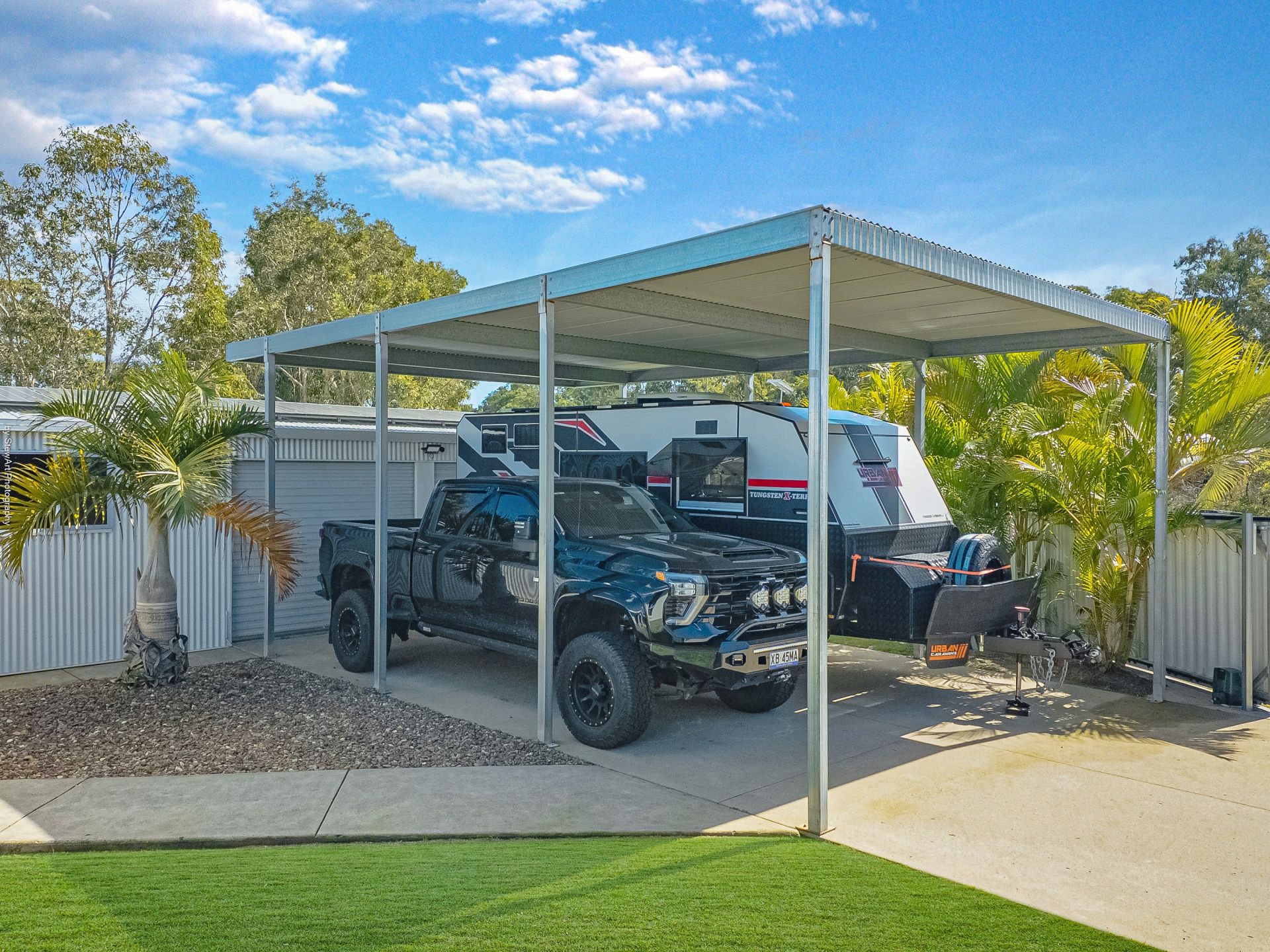 • Clear side access via remote entry gates to the approx. 10 x 7 metres high-entry caravan and boat port
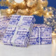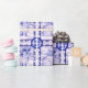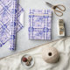 Denna blå och vita kanindesign färgades ursprungligen för hand på keramiska plattor, så du kan se plattorna. Det fungerar vackert som en papper utformning. Den monokroma designen har en bunny i en snöinställning som gränsar till fler bunnier och snöflingor.
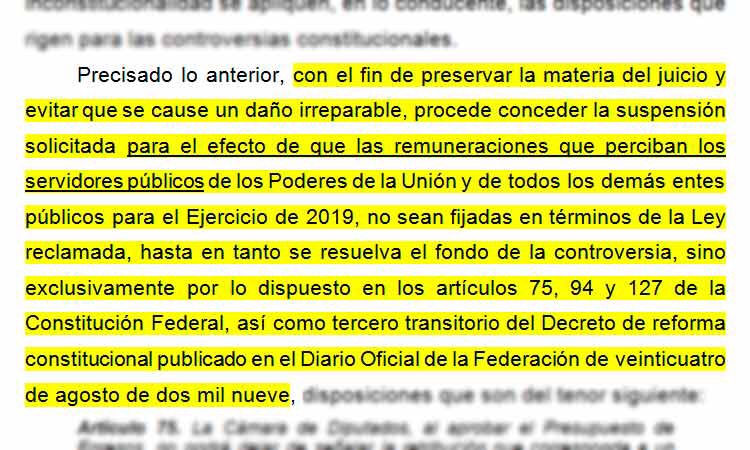 El ministro Alberto Pérez Dayán admitió a trámite la acción de inconstitucionalidad interpuesta por 55 senadores de oposición y concedió la suspensión de la aplicación de la Ley Federal de Remuneraciones de los Servidores Públicos hasta que el pleno del alto tribunal resuelva el fondo del asunto.
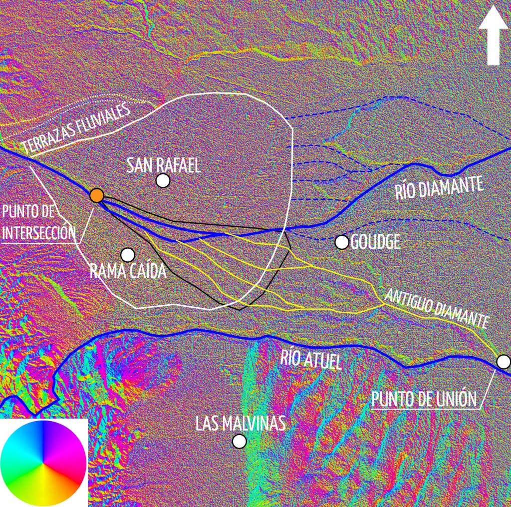 Hace una semana hablamos de terrazas aluviales del río Diamante y hoy nos volvemos a poner técnicos para profundizar en el estudio de la geología sanrafaelina. El oasis sur es regado por los ríos Diamante y Atuel, pero por causas que no viene al caso, sólo el DIAMANTE construyó un abanico aluvial sobre la planicie (línea gruesa blanca). Esto se puede ver en la forma de las curvas de nivel (en blanco) y en los múltiples antiguos cauces que aparecen en su sector distal (en trazas azules). El ATUEL fue relegado y pasa por el borde sur del valle. Ahora bien, antes de la intervención humana, el Diamante se unía con el Atuel en una zona de Negro Quemado. Esta unión se producía pq el Diamante tiene su punto de intersección aguas arriba de la isla homónima y su lóbulo de depositación actual (en naranja) lo conformaban el triángulo Rama Caída-Salto Las Rosas-Goudge (aprox). Desde el borde este de la isla salían diferentes cauces (en amarillo) con dirección al río Atuel, conformando un potente único río que finalizaba en los bañados del Atuel (La Pampa). En 1809, Don Miguel Telles Meneses desvió el Diamante hacia un antiguo cauce que termina en el río Salado/Desaguadero. El objetivo de su misión era proveer de agua a los inmigrantes que encaraban «la travesía», un trayecto que iba desde el Salado hasta 25 de Mayo y el cual sin agua se tornaba inviable para personas y animales.

EXERCISE OBJECTIVE - From the line containing "Denna blå och" through the last line of the listing, inclusive, transcribe every line exactly and nothing else; the pictures stay out.

YOUR RESPONSE -
 Denna blå och vita kanindesign färgades ursprungligen för hand på keramiska plattor, så du kan se plattorna. Det fungerar vackert som en papper utformning. Den monokroma designen har en bunny i en snöinställning som gränsar till fler bunnier och snöflingor.
 El ministro Alberto Pérez Dayán admitió a trámite la acción de inconstitucionalidad interpuesta por 55 senadores de oposición y concedió la suspensión de la aplicación de la Ley Federal de Remuneraciones de los Servidores Públicos hasta que el pleno del alto tribunal resuelva el fondo del asunto.
 Hace una semana hablamos de terrazas aluviales del río Diamante y hoy nos volvemos a poner técnicos para profundizar en el estudio de la geología sanrafaelina. El oasis sur es regado por los ríos Diamante y Atuel, pero por causas que no viene al caso, sólo el DIAMANTE construyó un abanico aluvial sobre la planicie (línea gruesa blanca). Esto se puede ver en la forma de las curvas de nivel (en blanco) y en los múltiples antiguos cauces que aparecen en su sector distal (en trazas azules). El ATUEL fue relegado y pasa por el borde sur del valle. Ahora bien, antes de la intervención humana, el Diamante se unía con el Atuel en una zona de Negro Quemado. Esta unión se producía pq el Diamante tiene su punto de intersección aguas arriba de la isla homónima y su lóbulo de depositación actual (en naranja) lo conformaban el triángulo Rama Caída-Salto Las Rosas-Goudge (aprox). Desde el borde este de la isla salían diferentes cauces (en amarillo) con dirección al río Atuel, conformando un potente único río que finalizaba en los bañados del Atuel (La Pampa). En 1809, Don Miguel Telles Meneses desvió el Diamante hacia un antiguo cauce que termina en el río Salado/Desaguadero. El objetivo de su misión era proveer de agua a los inmigrantes que encaraban «la travesía», un trayecto que iba desde el Salado hasta 25 de Mayo y el cual sin agua se tornaba inviable para personas y animales.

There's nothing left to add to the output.